Wanted vs. Belonging

I've been silent for five months on this platform.  I haven't had the words or the clarity to honestly answer the question posed to me "How are you?".  For you who know me, that is not a question I take lightly.  I want to know "how I am" and "why I am" and a host of other questions that are exhausting to answer at certain times in one's life.  I spend a good deal of time internally evaluating "how am I  _____" - feeling, doing, thinking, believing, ad nausea...(smile)


Tonight I don't have any answers but I have something to write; something honest.  My heart was full of a question that kept turning around in my brain.  The question is: "Is being wanted the same thing as belonging?"


Let me define a bit more of what I mean when I say belonging.  Safe, the opposite of lonely, at peace, no trying, no "shoulds", no "have tos" and no "making it work".  I would not say it's only a feeling, although that's part of it.  I want it to be a place of being or something I experience often.


I've moved into a house (rental).  It's the first time I've lived in a house since I left home after high school over 20 years ago.  It's wonderful - big kitchen, big living room, hardwood floors, fireplace.  It's quiet.  And I feel safe here, which is no small thing.  It's close to my friends and will allow me to "do life" more often with them.  It's not a home yet though.  I do not equate belonging with a physical place.  As I child, we moved every 4-5 years.  I've now lived in Seattle longer than anywhere my entire life; six and a half years.  For me, belonging has not been a place.

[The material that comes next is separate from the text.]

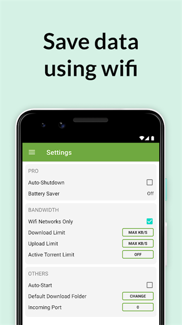 ✔为了获得最佳性能并避免在移动电影和音乐下载时消耗大量数据费用,我们建议尽可能利用仅Wifi模式下的种子和种子
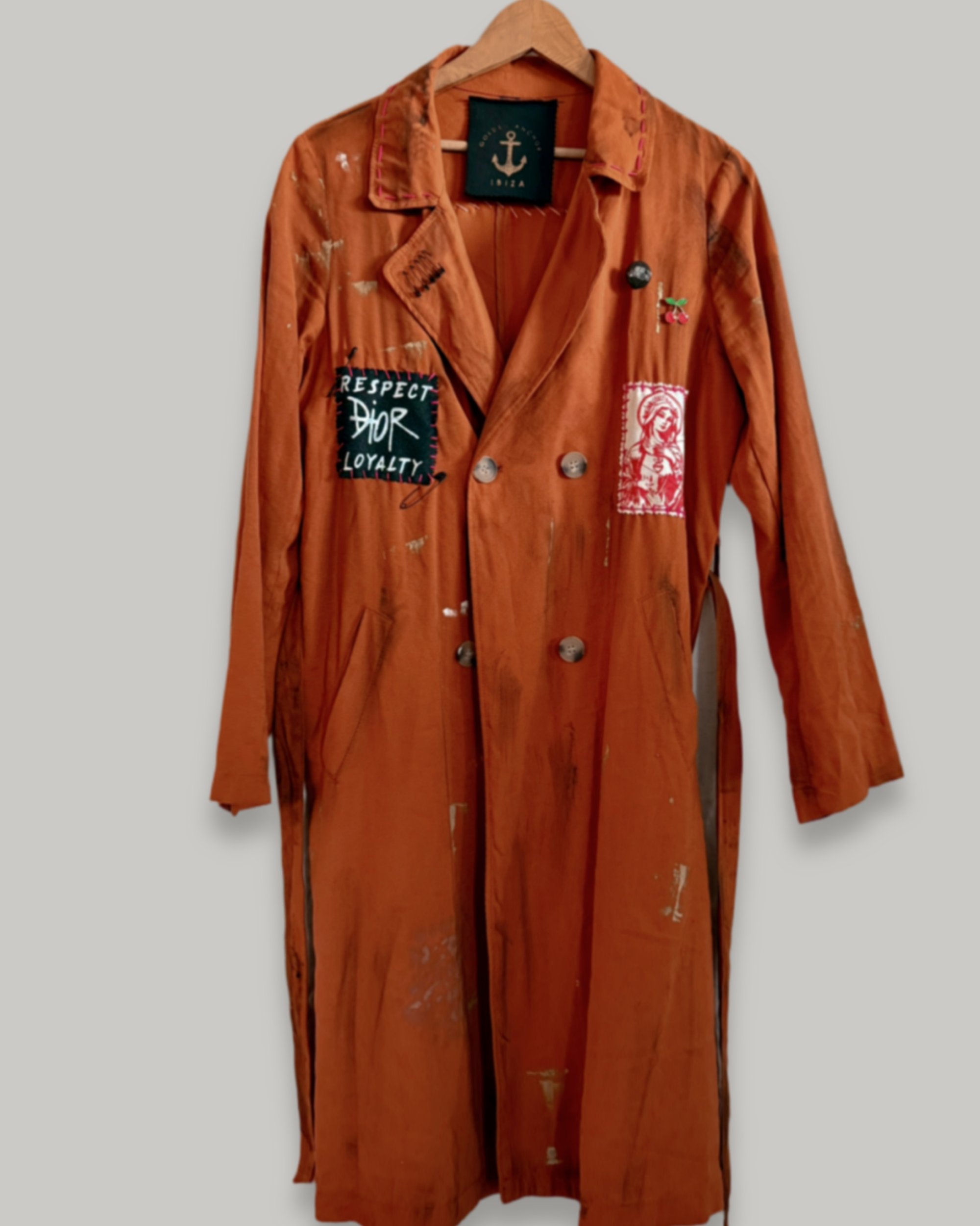 UPCYCLED ¥ UNISEX ¥ VINTAGE TRENCHCOAT ¥ IBIZA¥ HANDPAINTED

There are times, especially right after reading Jane Austen, I believe belonging is and/or involves another person.  Some as-of-yet unknown person who will belong to me and I will belong to them.  To complete me; fill in all the things I lack.  It's a child's day dream.  A fairy tale that isn't meant to be true. But wouldn't it be lovely if that is how it worked?  If all of one's happiness depended entirely on another person? (another smile)


At my current job, I am, for the most part, wanted.  I've been trying very hard to convince myself it is enough.  Be thankful; be content and stay in the security of this opportunity.  The struggle is, I want both.  I'm not saying that I'm looking for a job where I can fully belong (although let's face it - that would be nice).  There are levels of belonging.

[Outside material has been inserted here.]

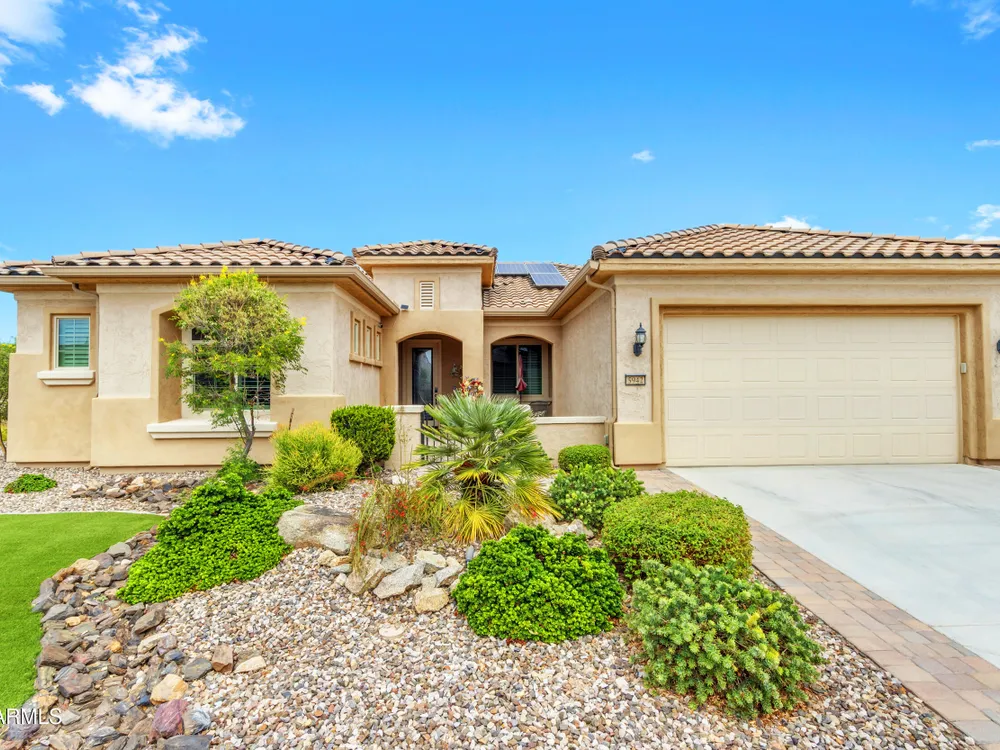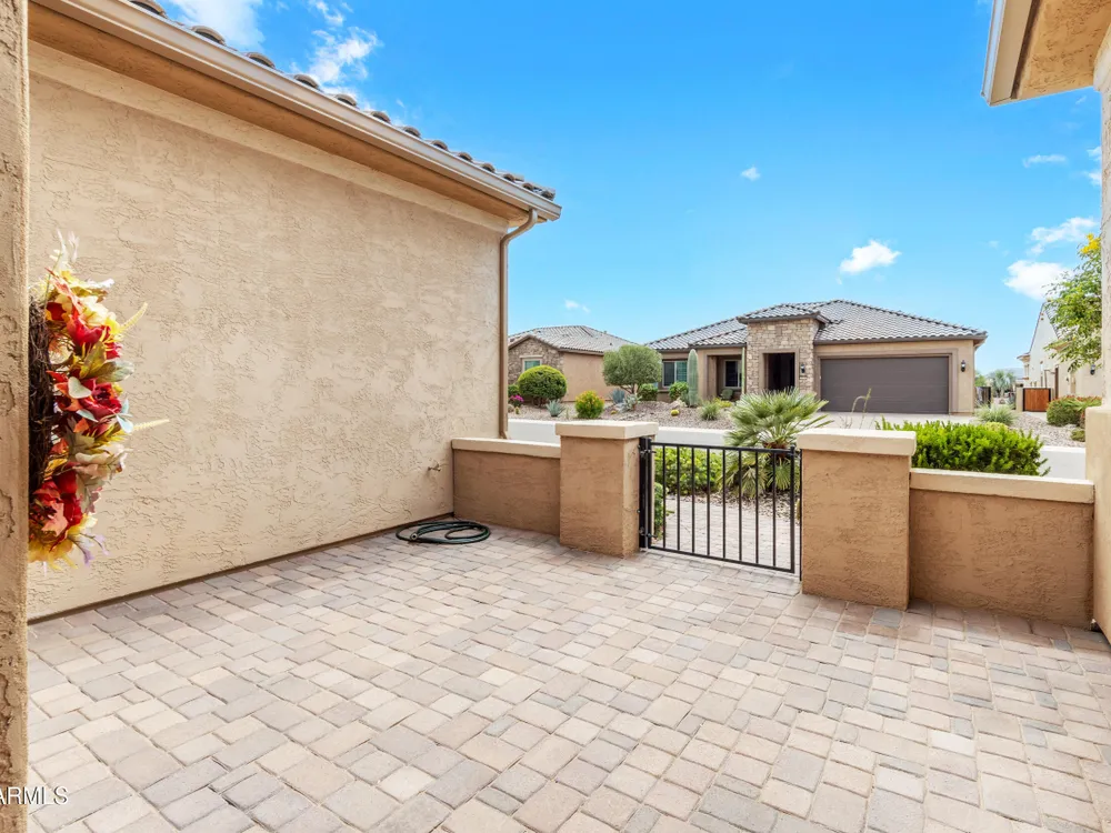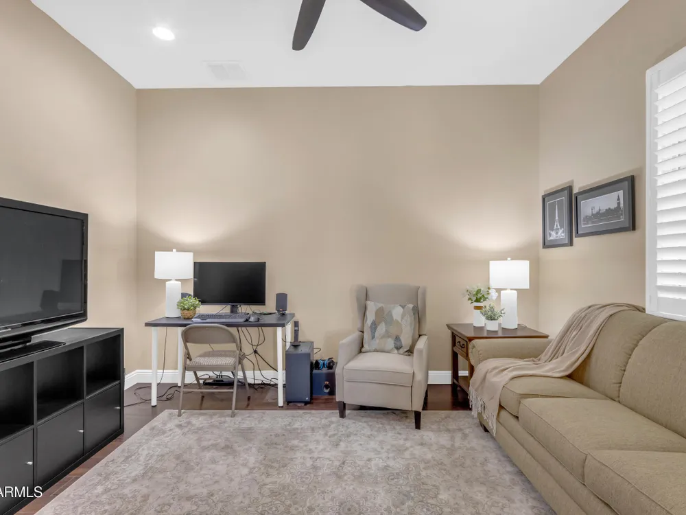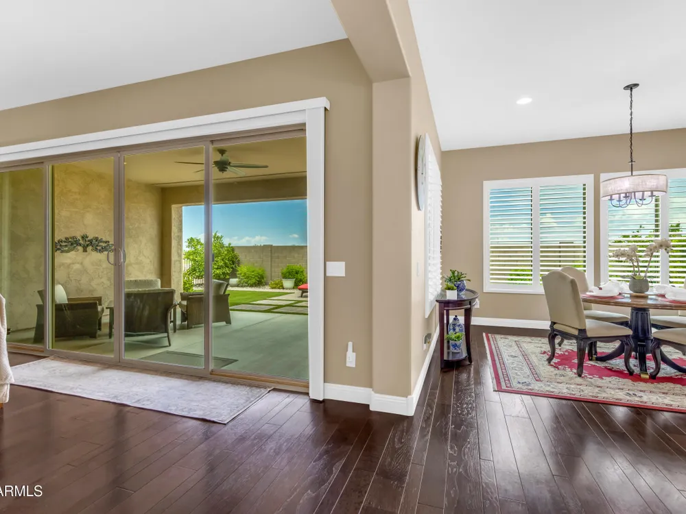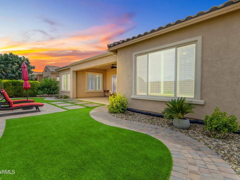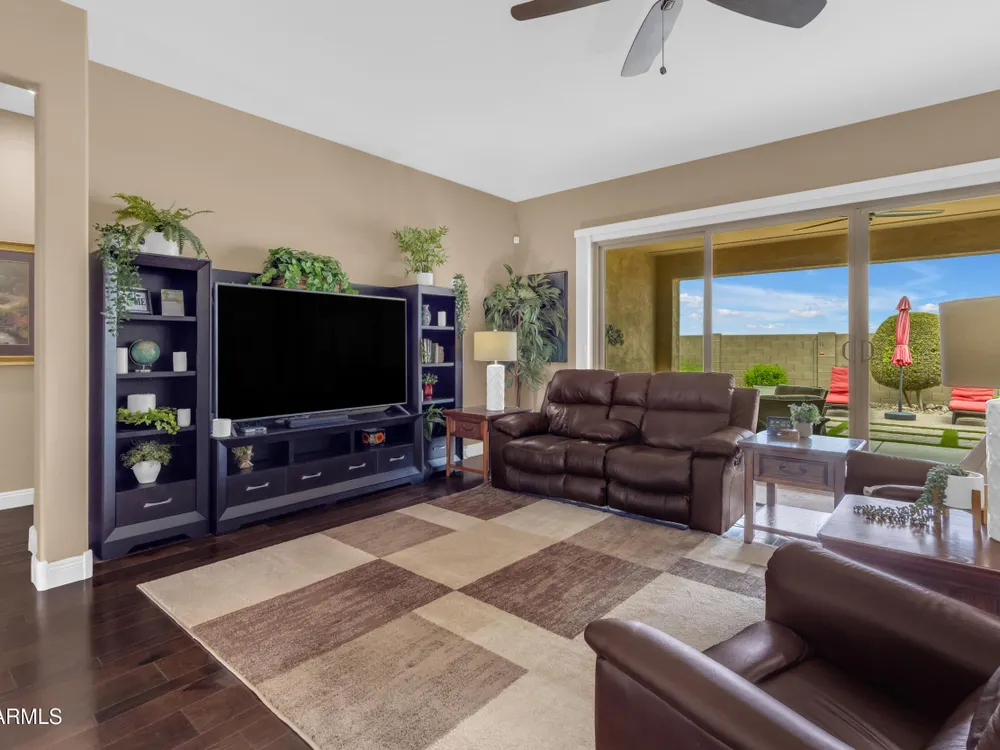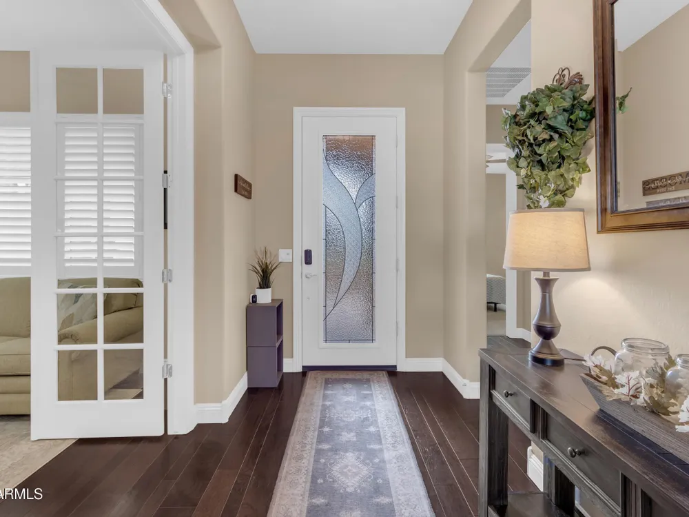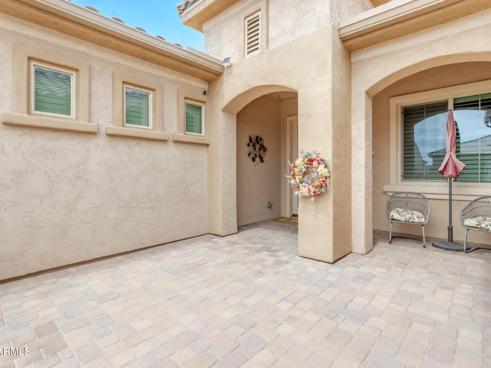 This beautifully maintained ENDEAVOR home on a CORNER LOT features a custom GLASS ENTRY DOOR, rich WOOD LOOK TILE flooring, PLANTATION SHUTTERS, and a CENTER SLIDING GLASS DOOR that opens to a private BACKYARD OASIS with TURF, extended paver seating area, and open space views—perfect for relaxing or entertaining. The GOURMET KITCHEN includes QUARTZ COUNTERTOPS, STAINLESS STEEL APPLIANCES, a glass cooktop, tiled backsplash, pots & pans drawers, and a spacious walk-in pantry. Flexible living includes a den with French doors and a bonus flex space ideal for crafts or an office. The luxurious primary suite offers DUAL VANITIES, a glass walk-in shower, and an oversized walk-in closet. Additional upgrades include a solar system to save on utilities, a whole-house H2O Concepts water system, and an OVERSIZED LAUNDRY ROOM with cabinets and counter space. Sun City Anthem at Merrill Ranch offers a 48,000 SF recreation center w/ craft rooms for quilting, pottery, glass works, and jewelry to name a few, spacious ballroom for dancing, theatre productions, concerts and more. Also includes a full gym, work out rooms, indoor lap pool & spa, walking track, cafe area, card rooms, poker tables, pool table, ping pong table, business center, class room for interesting seminars! Troon Poston Butte Golf Course is one of the nicest in the area. Sun City offers Pickleball, Tennis, Bocce Ball, Horseshoes, Shuffleboard, clubs for all activities. True resort-style living at its best!

Being wanted, in my history, has very little to do with me as a person.  Can I do great things for someone at my current job?  Of course.  Is there a need for my skills?  Absolutely.  And here is where the ideas finally come together (possibly).  I want, at least in part, to be wanted for me as a person as well as what I do.  That could give me a small sense of belonging I think.  It could be as small as someone asking me a personal question; taking the time to get to know me.  As I write, I realize that I believe belonging is relational.  Whether this is true or not, remains to be seen.

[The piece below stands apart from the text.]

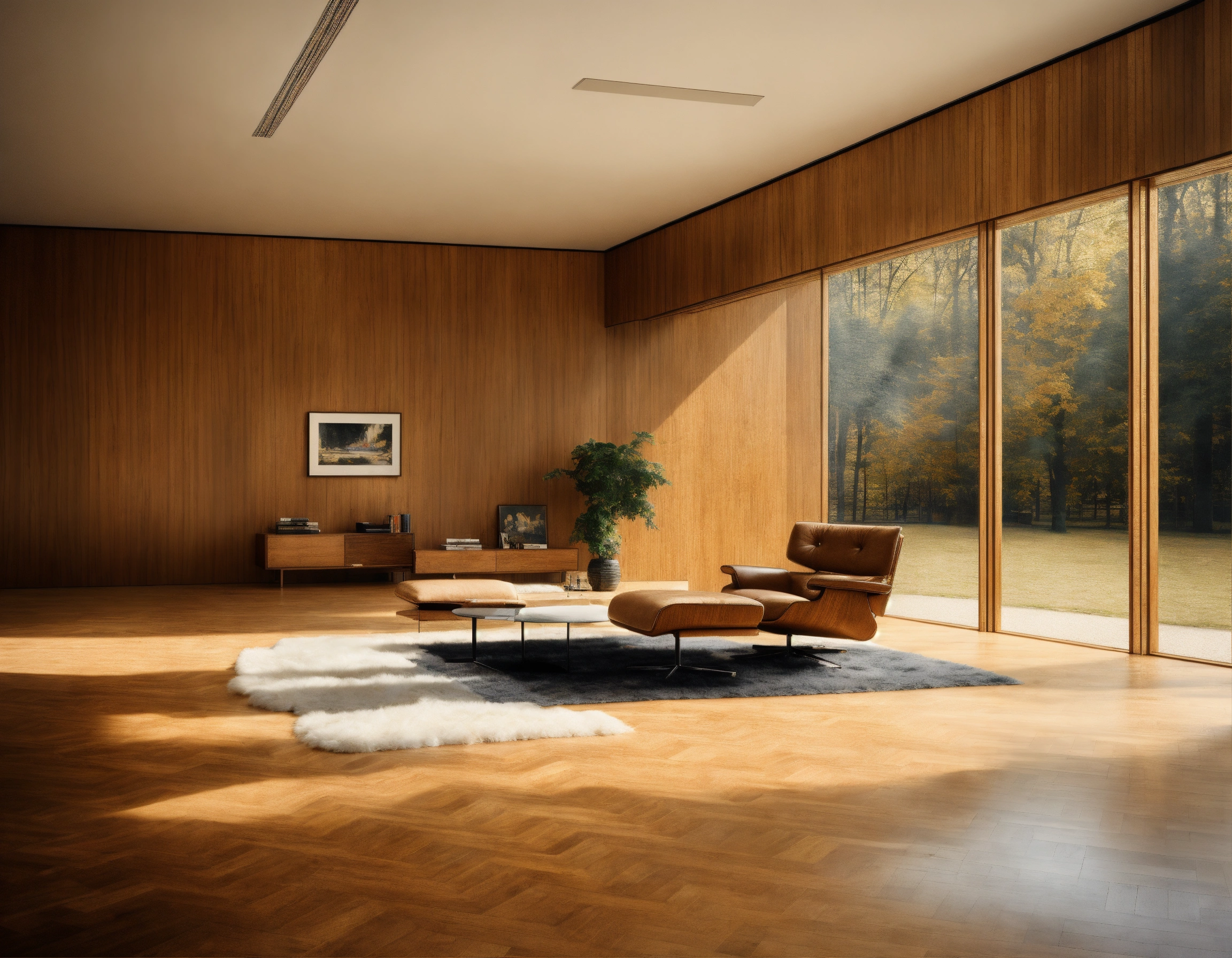 Ludwig mies van der rohe living-room like new national gallery berlin on wood background photorealistic

I question sometimes if this means I have less faith or that my relationship with God is not very strong.  I do know, believe and sometimes feel that sense of belonging I am searching for in my relationship with God. God also created us to be in relationship with other people.  The Bible says that it was not good for Adam to be alone.  And he had to have had the closest relationship with God in the history of man.  I think both are good.


No tidy endings tonight.  Just a window into my heart and mind - "how I am doing".  I love that I get to share that with you and that you will listen and care.  Thank you!